The theme of alienation and/or disconnect is prevalent in the works of MADSAKI and TENGAone, although not themselves otaku. Both artists are heavily influenced by graffiti and use the medium to express the frustration and feeling of estrangement brought about by their bicultural identities. Street art is also an influence for Kasing Lung, whose's work is influenced by the economic and cultural boom of the 80's. The fastness and emergency of life run throughout Yukimasa Ida's work, which is deeply marked by the theme of 'ICHI-GO-ICHI-E' (a once in a lifetime moment).
In a Superflat world, the otaku becomes the true driver of contemporary culture. As part of the new generation of artists who grew up in an environment where video games and social media have always been part of daily life, also known as Japan's SNS generation, ob explores the dreamy filter of the feminine psyche through kawaii elements: sweet, saturated colour; cartoon-like forms; and over-scaled heads with wide eyes and baby faces.
This intersection of reality and fantasy is an important dimension of Superflat that is perhaps best illustrated in the works of Chiho Aoshima and Aya Takano. Both artists present the viewer with fantastical worlds of a utopian nature. Aoshima's liminal spaces are populated by female characters who are transformed into mountains and rivers, disguised as fairies or represented as living creatures in the natural world. This breakdown of the boundaries between humans and animals or plants, and between organic creatures and inanimate objects is echoed in Aya Takano's oeuvre. The latter's floating figures, unphased by the restrictions of gravity, are at one with the universe, conversing with other-worldly animals and plants. There is no hierarchy in either Aoshima or Takano's work, all cohabitate in perfect harmony, all are equal, much like Superflat itself. This soft fantasy is also reminiscent in Emi Kuraya's works. Her delicate brush stroke and highly-skilled drawing ability have brought up the sense light-weighted feeling in her oil painting. By her daily observations, Emi confers unique and strong personal style in each of her characters.
A new generation of Japanese ceramicists that Murakami dubs 'radical artists': Shin Murata, Yuji Ueda and Otani Workshop shed the principle of artisanal technique and adopt the posture of artists, pushing the boundary between ceramics and sculpture (or as Superflat would have it, between 'commodity' and 'art'). Their unique pottery methods merge a respect for tradition and lineage with improvisation and experimentation, in a body of work informed by their love of nature and sustainable lifestyle.
Superflat focuses not only on contemporary art, but extends itself to contemporary ceramics. However, it is Bubblewrap, a term humorously coined3 by Takashi Murakami to describe the interim period between Mono-ha and Superflat overlapping with Japan's bubble economy, that best reflects the modern realm of ceramics. Indeed, the rise and maturation of ceramic art is juxtaposed with Japan's Bubble Economy era. It is at this time that the 'ceramics of modern life' appear. These ceramics represent a shift and new phase in the history of ceramics: their popularisation. Ceramics thus become, like manga and anime, another popular art of post-war Japanese culture.

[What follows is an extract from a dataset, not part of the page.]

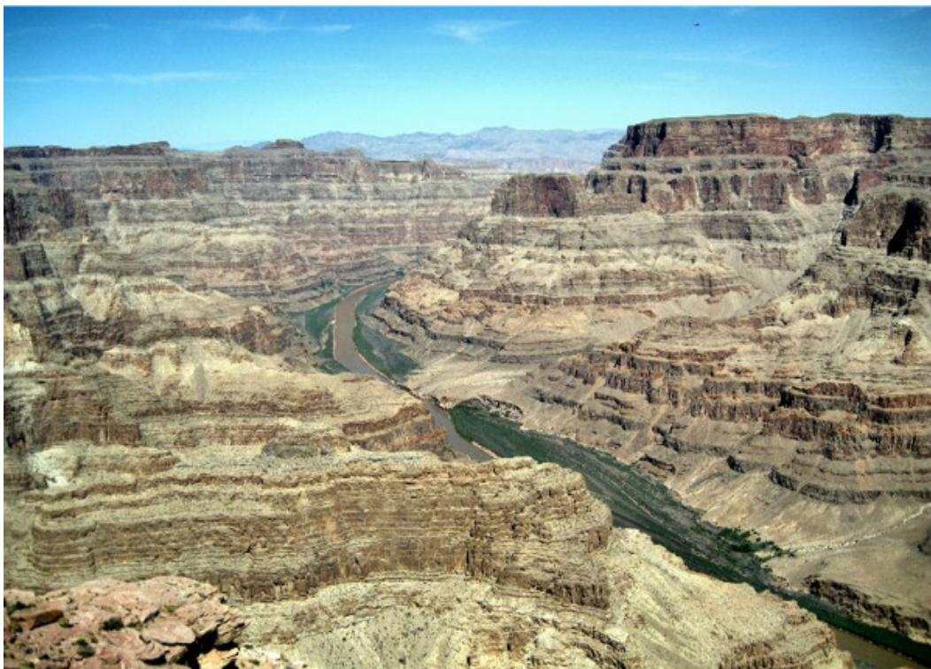
The view from the Skywalk

The exhibition features for the first-time ink calligraphies on coffee filter papers by Takashi Murakami. In these imaginative calligraphic works on used coffee-filters, Murakami brings together a number of his key concerns into an innovative form. The artist studied calligraphy from when he was five to when he was seventeen—mostly at the insistence of his mother, who is passionate about calligraphy and talks about it 'in every conversation that we have', as Murakami himself says.
The five used Chemex coffee-filter calligraphies have a strong poetic and Zen Buddhist quality: the work displayed in the middle is the character for 'beauty' (either bi or utsukushi in Japanese pronunciation) surrounded by an Enso, the freehand circle drawn with a brush thatfollowers of Zen Buddhism paint as a form of spiritual practice, and of free, unencumbered motion. For Murakami, born in 1962, it is also a reminder of the way in which technology, and computer culture more specifically, grew hand in hand with the rise of a New Age form of philosophy, in which both high-tech and meditative practices were getting popular.
Healing illustrates the undeniable importance of Superflat and Bubblewrap in the contemporary art scene, disrupting the symbolic order of Western Art History. Incessantly moving between past, present and future, while mixing high culture and popular culture indiscriminately, is a 'superflat' group of works devoid of prejudice or boundaries: a truly free expression of creativity and beauty
1 'After Mono-ha, the next established art movement is Superflat, but that means the interim period overlapping the years of Japan's economic bubble has yet to be named, and I think calling it "Bubblewrap" suits it well. It especially makes sense if you incorporate the realm of ceramics.' —Takashi Murakami
2 Otaku is a Japanese term for people with consuming interests, particularly in anime and manga. The otaku subculture began in the 1980s and continued to grow with the resignation of such individuals to become social outcasts and the expansion of the internet.
3 Bubblewrap is a word play on 'bubble economy' and 'bubble wrap,' the material used to wrap and protect ceramics. Takashi Murakami is suggesting bubble wrap is reflective of the Japanese aesthetic of appreciation of fragility and honourable poverty.
Press release courtesy Perrotin.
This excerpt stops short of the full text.